Today, in the United States of America, the ghost of fascism is haunting the country. It shows up at rallies, froths with fear about the alien, the foreigner, the different. But unlike the 1848 revolutionary period of which Marx and Engels wrote, there is no holy alliance to exorcise this ghost. Indeed, and sadly, we find an unholy alliance of Evangelicals and ne’er-do-wells hawking a syrupy concoction of patriotism and poison.
I am not a politician. I am not a psychologist. But I am a clergyman and I join with others in denouncing the emaciated spirituality that parades at this moment in our country as Christianity. Resist this xenophobic fascist movement that spews its hatred against women, minorities, and anyone who appears different to it. Let your voice be heard. Christ practiced a radical table fellowship. He healed the sick. He denounced puppet rulers and megalomaniacal princes of this world. A specter is haunting America, it is the specter of ghosts we thought we had conquered in World War Two. Come together. For justice. For peace. For merciful and kind citizenship. ~ See you Sunday. ~PSTR
I am not suggesting by the title to this brief excursus that Donald Trump is not “a” problem or “has” no problems. That he is and has is more than obvious to anyone with a modicum of good sense, civility and intelligence. But he is not THE problem in our country at the moment. The problem is the death of civic discourse. Period.
Blame whomever you want and whom you blame will likely depend upon your political allegiances, but the discourse in the Congress rivals the flame throwing demagogues of slavery and civil war in the 19th century. This is not just sad and if it were only sad then we could wait for this phase to be finished and move on, but this is dangerous. This kind of discourse has led to wars, not just in the 19th century in our bloodiest conflict, The Civil War, but most recently in our country’s invasion of a nation (Iraq) that had not attacked us. A Christian should be able to discern these things, discerning crooked speech (as Proverbs would describe it) and the difference between just wars and unjust wars.
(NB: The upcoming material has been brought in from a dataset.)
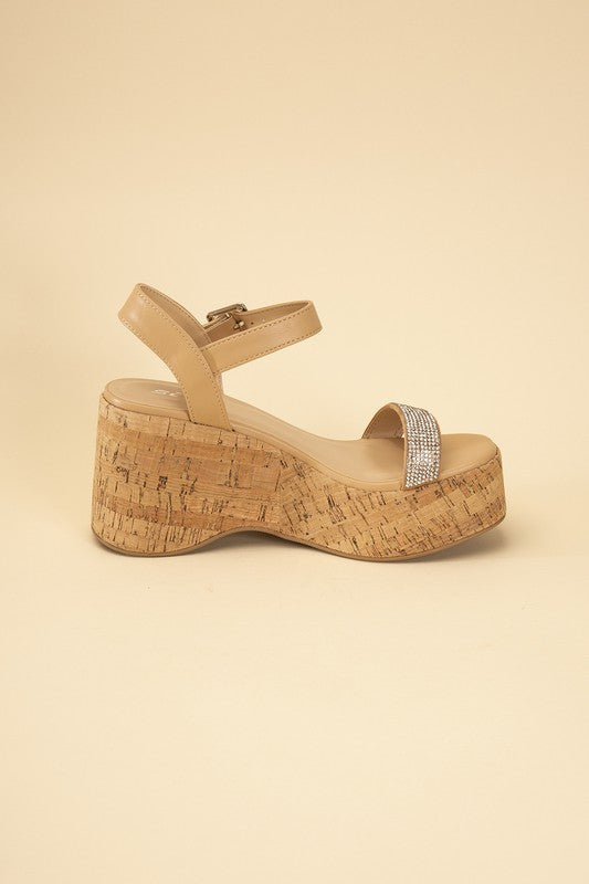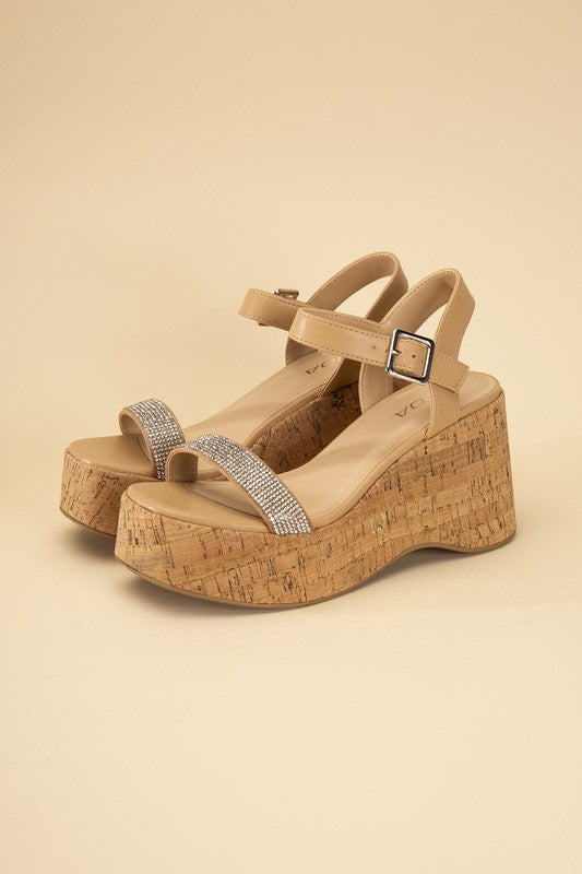 Rhinestone strap wedge sandal. A glamorous and chic choice that effortlessly elevates your summer footwear collection. These sandals feature sparkling rhinestone embellishments on the straps, adding a touch of elegance and dazzle to your every step.

Fan or no fan of John McCain, we know that he was a prisoner of war in a Hanoi prison having his body beaten and his mind robbed of any peace while Donald Trump was very, very, very comfortable and pursuing a hedonistic life style. Oh, well. As I said, a Christian should be able to discern crooked speech from just speech. Psalm 34:13-14, for example:
Keep your tongue from evil,
and your lips from speaking deceit.
Depart from evil, and do good;
seek peace, and pursue it.
and Psalm 37:30:
The mouths of the righteous utter wisdom,
and their tongues speak justice.
We could be here all week proof-texting the scripture and its emphasis upon telling truth, pursuing peace and how the wise, unlike the fools, do this. We need someone to educate and train us about a civic discourse that listens to others and to contrary opinions in constructive ways and how to engage others with the very dignity we expect and desire for ourselves.
The problem most likely goes deeper than what I’ve stated. It is not just that we are observing the death of civil discourse, but we are witnessing what happens when people give up on each other because they have given up on any idea that they are soul-ful creatures who are expected to live on a higher plane than brute, Darwinist principles of survival. Let me end with this strand of verse from Proverbs 16:27:
Scoundrels create trouble;
their words are a destructive blaze.
Avoid scoundrels. If you see smoke and fire rising out of words of persons who seek nothing less than to be your ruler, your President, then by all means, think again. With a heart full of gratitude for God’s abiding love and mercy, let our speech adorn our lives with truth, kindness and wisdom.